Saddlebrook Estate

Saddlebrook Estate


Strides above the rest

Even though it’s so close to Sandton, and just down the N1 from Pretoria, Kyalami is a world away from the hustle and bustle of Gauteng. Green paddocks enclosed by neat white fences are home to peacefully grazing ponies, shiny show jumpers, lovely Lipizzaners, wonderful warmbloods, and even a rescue donkey or two. For Kyalami is horse country. And Saddlebrook Estate is its Secretariat.

Founded in 1998, the estate is moving into its second life cycle. With all the stands sold, and 114 homes developed, the focus of the new board of trustees is on improving infrastructure. The modernisation of the unobtrusive access control system will enhance Saddlebrook’s security to make it one of the safest residential estates in the country. Upgrading the bridle paths, communal areas and jogging tracks will offer residents more space to play and explore, whether it’s on horseback or on their own two feet. The club house, too, is being revamped so homeowners can enjoy socialising in a vibrant contemporary space.

Part of Gekco (the Greater Kyalami Conservancy), the estate is committed to preserving the open space, rural nature and unique flora and fauna of the area. With the large size of residential stands, and a number of undeveloped ridges and wetlands traversing Kyalami, there are sufficient corridors to allow free movement to the surprisingly many indigenous animals that have managed to survive in this peri-urban environment.

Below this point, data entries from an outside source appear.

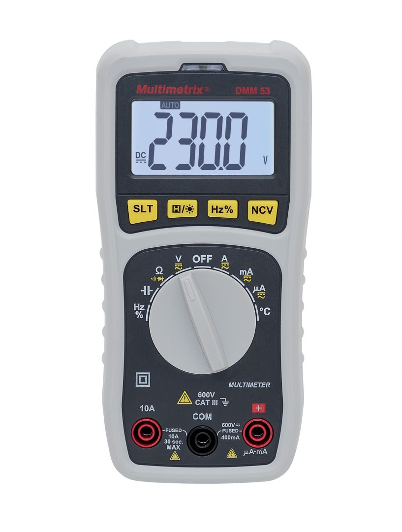 Quant au multimètre numérique DMM53 (voir photographie), les utilisateurs bénéficient d’une gamme de tension de 400 mV à 600 V DC ou 4 à 600 V AC, des gammes de courant de 400 µA à 10 A AC et DC, des mesures de résistances (400 Ω à 40 MΩ), de capacité, de température, de rapport cyclique, du test de diode et de continuité, de la détection de présence de tension sans contact (NCV), etc.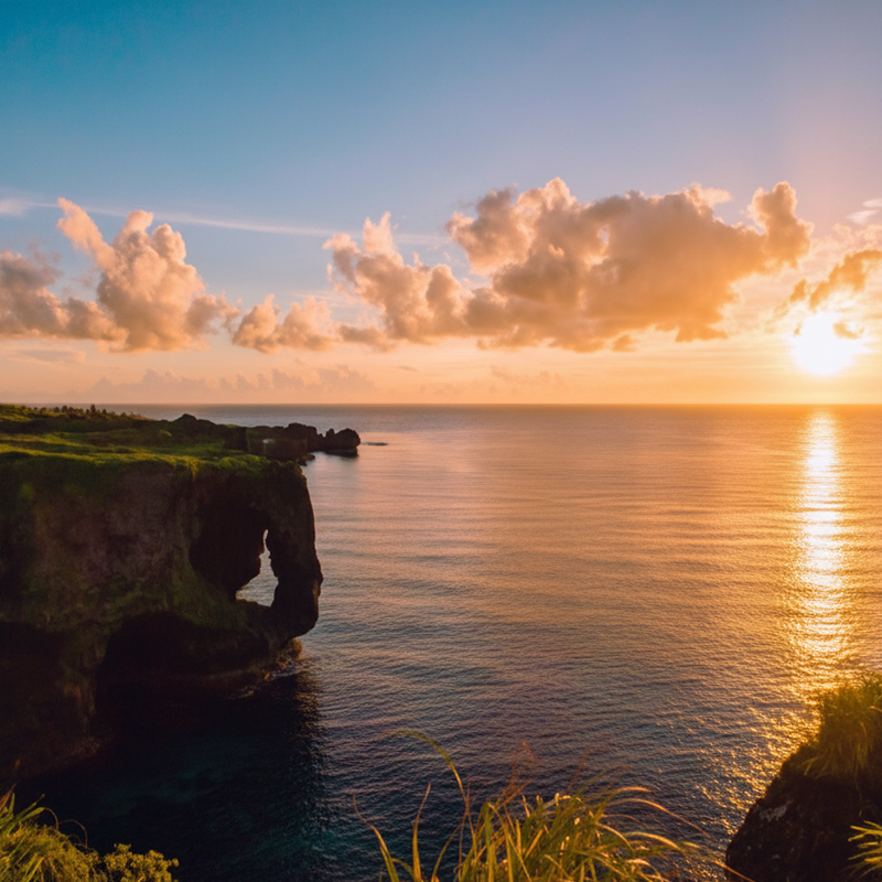 東シナ海に面した、象の鼻のような形をした岩が特徴的な絶景スポット。「万人が座るに足る毛(草原)」という琉球王の言葉が名前の由来です。断崖に打ち寄せる波と、どこまでも広がる水平線が織りなす雄大な景色は、時間を忘れて見入ってしまいます。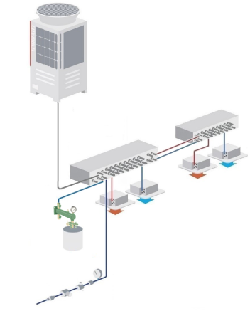 Hybrid VRF is quick, easy, and flexible to design and install using the same outdoor equipment and control solutions as other CITY MULTI VRF systems from the same manufacturer. Furthermore, Hybrid VRF’s system architecture makes phased installation and expansion possible, while maintaining the high levels of seasonal efficiency expected with VRF technology.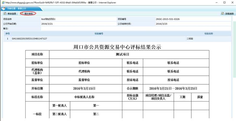2、填写公示详细信息并下一步确认(必须下载中心最新的评标结果公示模板);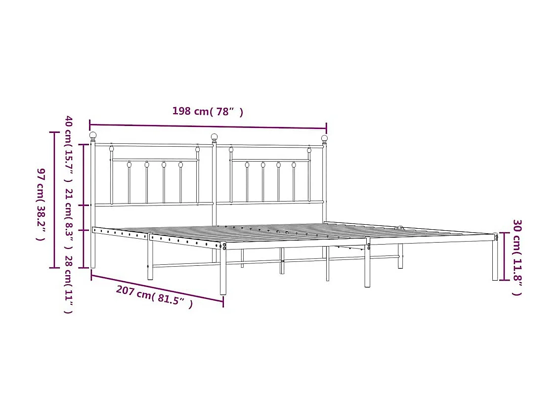 Cadre de lit métal sans matelas avec tête de lit noir 193x203cm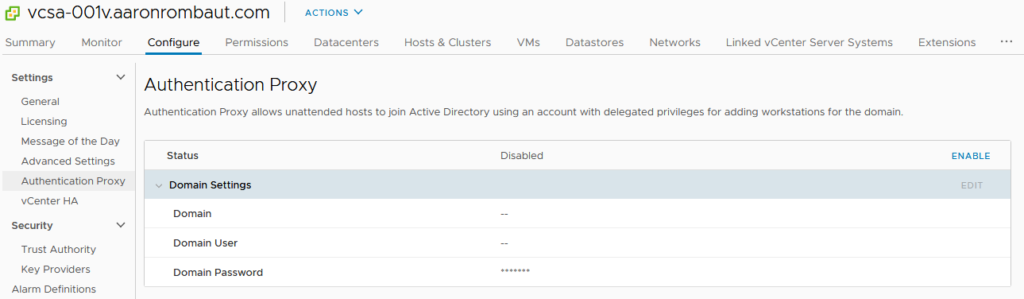 Go back to vSphere Client and configure the Authentication Proxy again. You may have to disable and enable the service again if you didn’t restart the service while connected through SSH. This time, it should work without an error. If you are tailing the log, then you should see Active Directory domain added successfully at the bottom.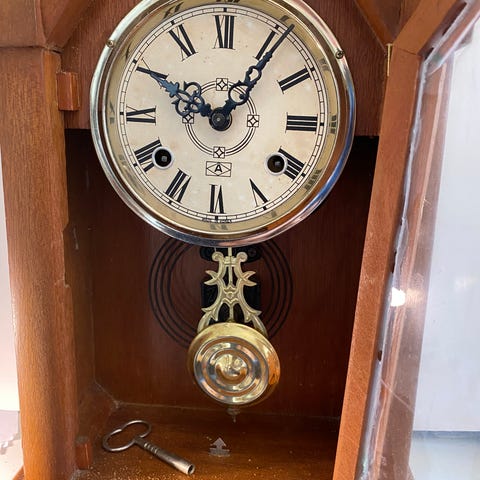 Vægur, i Trækasse 1920-30, Vægur i mintgrøn trækasse, uret er ikke testet mangler nøgle, pendulet bliver pakket seperat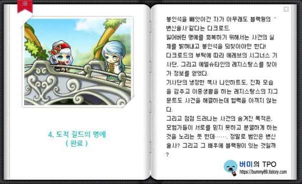모험가 도적 직업군의 모험의 서입니다. 도적 직업군으로는 나이트로드, 섀도어, 듀얼블레이더가 있습니다.

The Highveld grassland is such an underrated biome. With a floral biodiversity second only to fynbos, it is home to many interesting, beautiful and useful plants.


And, while it’s not possible to recreate the historical conditions under which large herds of antelope moved across the grasslands, it is possible to preserve enough land to ensure the continued existence of a range of plants, birds, insects and mammals. So estates like Saddlebrook, with large properties and corridors of undeveloped land, can contribute to maintaining the integrity of our sadly neglected Highveld grassland.

The integration of the natural surroundings, contemporary architectural style and equestrian facilities gives you a definite country feel. The architectural guidelines, overseen by John McKenzie Architecture, give homeowners stylistic freedom without jeopardising the overall look of the estate or the Saddlebrook brand. The ethos of Saddlebrook Estate, says trustee Edwin Roberts, is “courteous, respectful and harmonious living”.

With further plans to renovate the main gates, so that they are not only impressive but functional as well, homeowners, residents and visitors can rest easy in the knowledge that they and their assets are protected.

Although you don’t need to own a horse, or even ride, to live in Saddlebrook Estate, you will have to like horses, because you will probably be living next door to one. Starting at one hectare, the residential stands are big enough to include a few four-hoofed family members, so most residents keep their horses “in their backyards”. The estate has extensive bridle paths, and it’s conveniently close to Inanda Country Base, so you don’t even need to box your horse to events. The board of trustees are the driving force behind the evolution of the estate and the continual development of the equestrian facilities.

What makes this idyllic enclave so special is that it is just a short commute to Sandon’s business and shopping hub. The Midrand Gautrain station makes getting to OR Tambo a breeze, and Lanseria is less than half an hour’s drive. And, with some great schools close by, Saddlebrook Estate is a world apart – but so close to everything.